In June, mutual funds that specialize in investing in fixed-income securities saw a significant outflow of Rs92,248 crore due to the macroeconomic environment’s uncertainty, which was fuelled by predictions surrounding an escalating rate cycle, rising commodity prices, and a slowdown in GDP.
The Association of Mutual Funds in India (Amfi) data available at the time revealed a net outflow of Rs32,722 crore in May and an inflow of Rs54,756 crore in April.
In the month under review, 14 of the 16 fixed-income or debt fund categories had net outflows. categories like overnight, liquid, and ultrashort-term duration funds had significant withdrawals. The 10-year gilt funds and long-duration funds were the only categories to see inflows.
By the end of June, the asset base of debt mutual funds had decreased from Rs13.22 lakh crore at the end of May to Rs12.35 lakh crore. A sizeable chunk of the total assets (about 50%) within the debt fund category is made up of the liquid, ultrashort-term, money market, and overnight fund categories.
Given their substantial contribution, even a little adjustment in the percentage quantity of flows can have a big impact on the total flows within the category. Because of how much institutional money flows into them, the categories of liquid and overnight also stand out.
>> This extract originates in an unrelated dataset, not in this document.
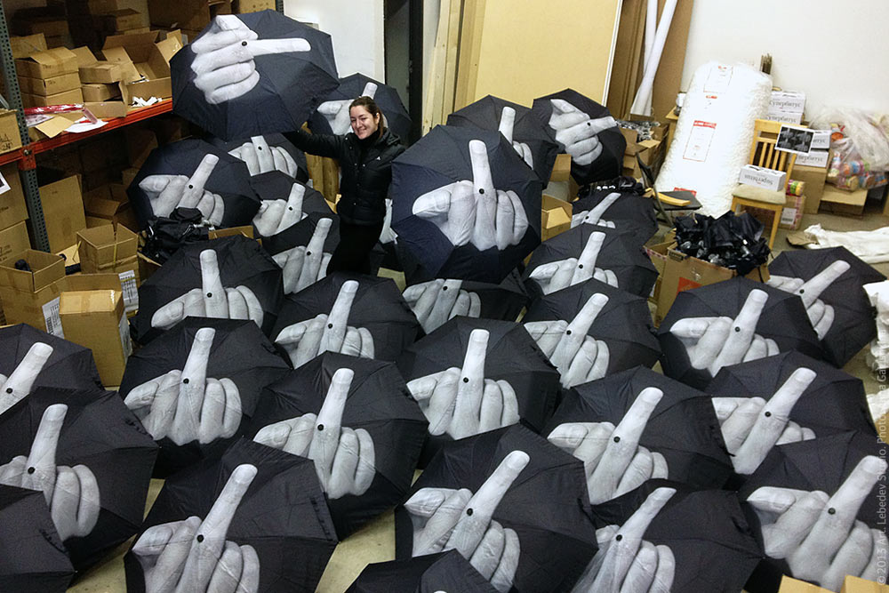 ![]() The studio’s warehouse in New Jersey: sales manager Marina Berzegova testing a bunch of Fuck the Rain umbrellas before shipping them to a customer.

The categories of overnight funds, liquid funds, and ultrashort-term duration funds accounted for the majority of the outflows during the month of June, with respective outflow statistics of Rs20,668 crore, Rs15,783 crore, and Rs10,058 crore.
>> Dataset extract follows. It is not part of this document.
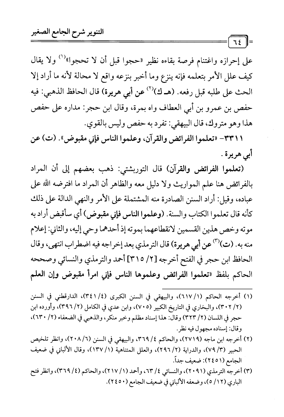 3311 - "تعلموا الفرائض والقرآن، وعلموا الناس فإني مقبوض". (ت) عن أبي هريرة.

Debt funds are typically thought to be less dangerous, and investors find comfort in the fact that they may manage their risks by investing their hard-earned money in things that offer higher returns than bank fixed deposits.
In contrast, equities mutual funds brought in a net amount of Rs15,498 crore in June despite increased market volatility and persistent selling by foreign portfolio investors (FPIs).
In order to attain long-term financial goals, investors are increasingly choosing equities because it is recognized as a value-creating asset class. This increased knowledge among investors is fuelling the development of investments in equity-oriented schemes.
Compared to a net pull-out of Rs7,532 crore in May, the mutual fund sector overall saw a net outflow of Rs69,853 crore last month.